Saat Bisma berkata ingin mengakhiri hubungan mereka membuat Deby tidak rela. Ia tau, banyak rekannya yang masih lajang di kantor yang menyatakan ketertarikan pada atasan mereka. Apalagi sikap tegas dan pembawaannya yang tenang, membuat para lajang baik di instansi yang sama maupun beda instansi ingin mengenal Bisma lebih dekat.
Deby tak ingin usahanya mutasi dengan mengorbankan semua, bahkan harga dirinya agar terus di sisi Bisma menjadi sia-sia, karena ternyata bukan ia yang terpilih. Padahal menurut Bisma, dirinya lah perempuan terbaik yang ia kenal, sehingga ia melepas rumah tangga yang ia rasa tidak ada ketenangan dan rasa nyaman didalamnya.
Melihat sikap dingin Bisma membuat Deby melangkah tak bersemangat menuju podium. Sebagai MC tuan rumah, ia harus memberikan penampilan terbaiknya agar semua mata fokus dan kagum padanya.

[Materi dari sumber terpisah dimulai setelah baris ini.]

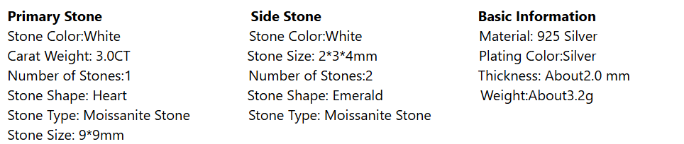 A romantic and bold expression of love, this ring features a heart-shaped lab-grown moissanite center stone (9*9mm), flanked by two tapered baguette-cut accent moissanites (2*3*4mm). Set in polished S925 sterling silver, the three-stone design creates a striking contrast of shapes and sparkle, making it a perfect symbol of your past, present, and future together.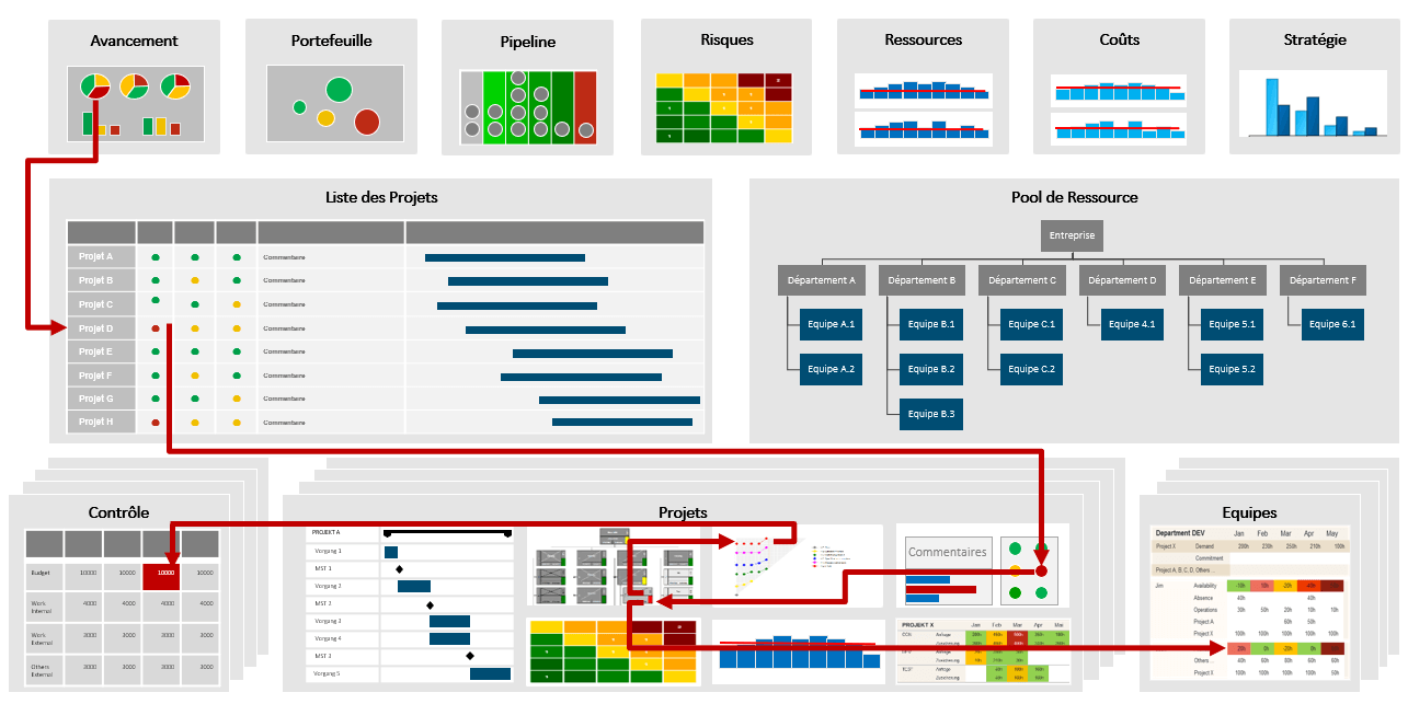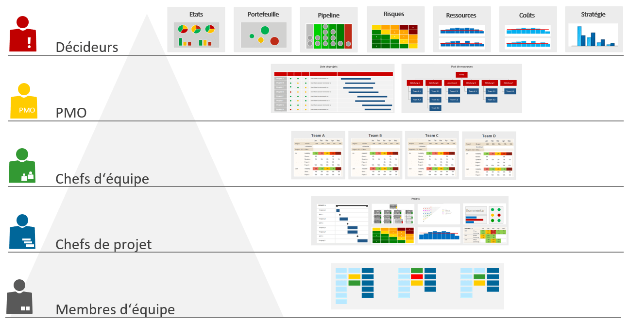 - Un PMO prépare souvent pour la direction les rapports projets et ressources au niveau du portefeuille. Le PMO a besoin d’une liste des projets avec les états d’avancement pour vérifier avec le chef de projet quand la génération du rapport est opportune. Tout problème nécessitant d’être remonté est présenté à la direction pour prise de décision.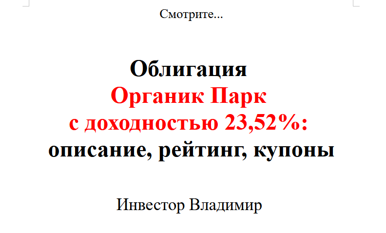 Облигация Органик Парк с доходностью 23,52%: описание, рейтинг, купоны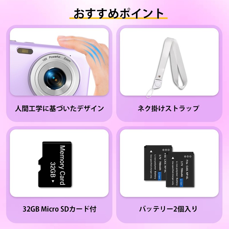 - Convenient to Carry & Package Contents: Lightweight design and small size make it easy to carry your camcorder and capture happy moments anytime, anywhere. This pocket camera is perfect for travel and daily use, very popular for birthday, Christmas, Thanksgiving day, suitable for teenagers, kids, students, boys, girls, record the beautiful Christmas moment for you and your family. Package Includes: 1 x Digital Camera, 1 x Micro SD Card, 2 x Rechargeable Li-ion Batteries, 1 x USB Cable, 1 x User Manual, 1 x Camera Bag, 1 x White Strap, 1 x Strap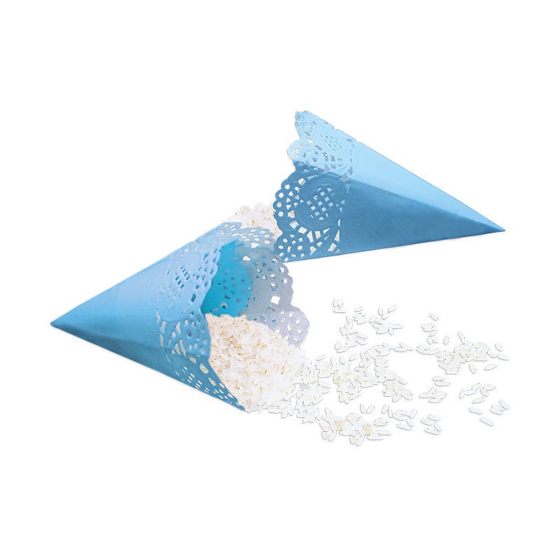 CONI PORTA RISO MERLETTATI CARTA CELESTE 12pz 17cm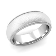 Comfort Fit Milgrain Wedding Band in 14k White or Yellow Gold, Mixed Brush, 7mm
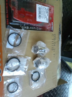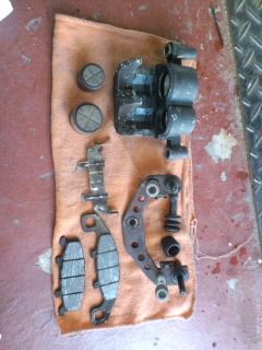 オーバーホールしたブレーキキャリパーと内蔵の部品を並べてみました。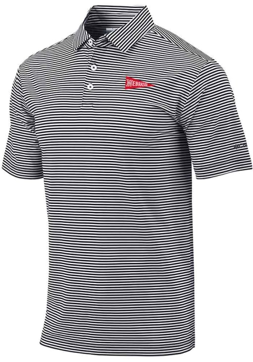 Mens Nebraska Cornhuskers Black Columbia Vault Heat Seal Omni Wick Club Invite Short Sleeve Polo S..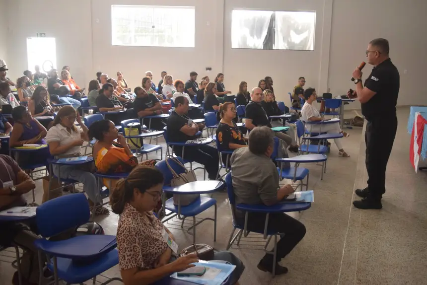 A Secretaria de Estado de Educação (Seduc), em parceria com a Secretaria de Estado de Administração Penitenciária (Seap) realizaram, na manhã de hoje uma capacitação voltada para os servidores das duas instituições para esclarecer sobre o Manual de Procedimento Operacional adotado pela Seap. O titular da Secretaria Adjunta de Gestão Operacional (Sago) da Seap, Ringo Alex Rayol Frias, ministrou a palestra, convidado pela Coordenadoria de Educação de Jovens e Adultos da Seduc.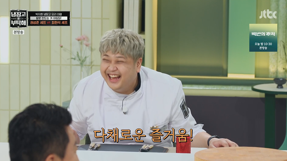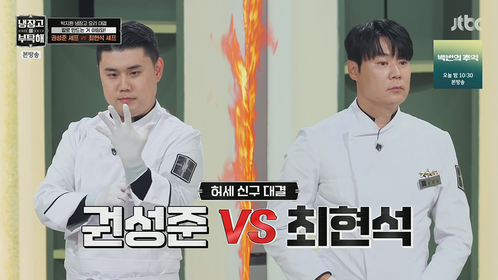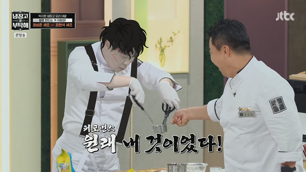 그렇게 막을 올린 칼 대신 가위만 사용하는 요리 대결은 최현석 셰프와 권성준 두 셰프의 대결이 되었다. 권성준 셰프는 가위도 칼처럼 잘 사용하는 모습에 모두가 감탄했고, 최현석 셰프도 역시 가위를 마찬가지로 잘 사용하면서도 그가 예능 프로그램 <냉장고를 부탁해>에서 가진 허세꾼의 모습을 가득 보여주는 게 정말 대박이었다.

Tak bisa Ajeng pungkiri, perempuan yang kini telah merampas posisinya di hati Bisma memang memiliki pesona luar biasa. Suaranya yang lembut dan bening mampu menghipnotis para audiens yang berada di dalam ballroom hotel.
Ajeng dapat melihat semua mata terfokus pada podium saat Deby mulai memandu acara dengan membacakan susunan kegiatan yang akan mereka lalui seharian ini.
Saat ia memandang ke samping, Bisma juga menatapnya dengan lekat. Ajeng langsung membuang muka. Ia membenci tatapan itu. Ia tak ingin merasakan terluka untuk kesekian kali atas sikap dingin Bisma.
“Tak bisakah kita berbicara sebagai teman?” suara bariton Bisma kembali terdengar dengan pandangan yang masih lurus padanya, “Aku ingin komunikasi kita tetap jalan demi tumbuh kembang Lala.”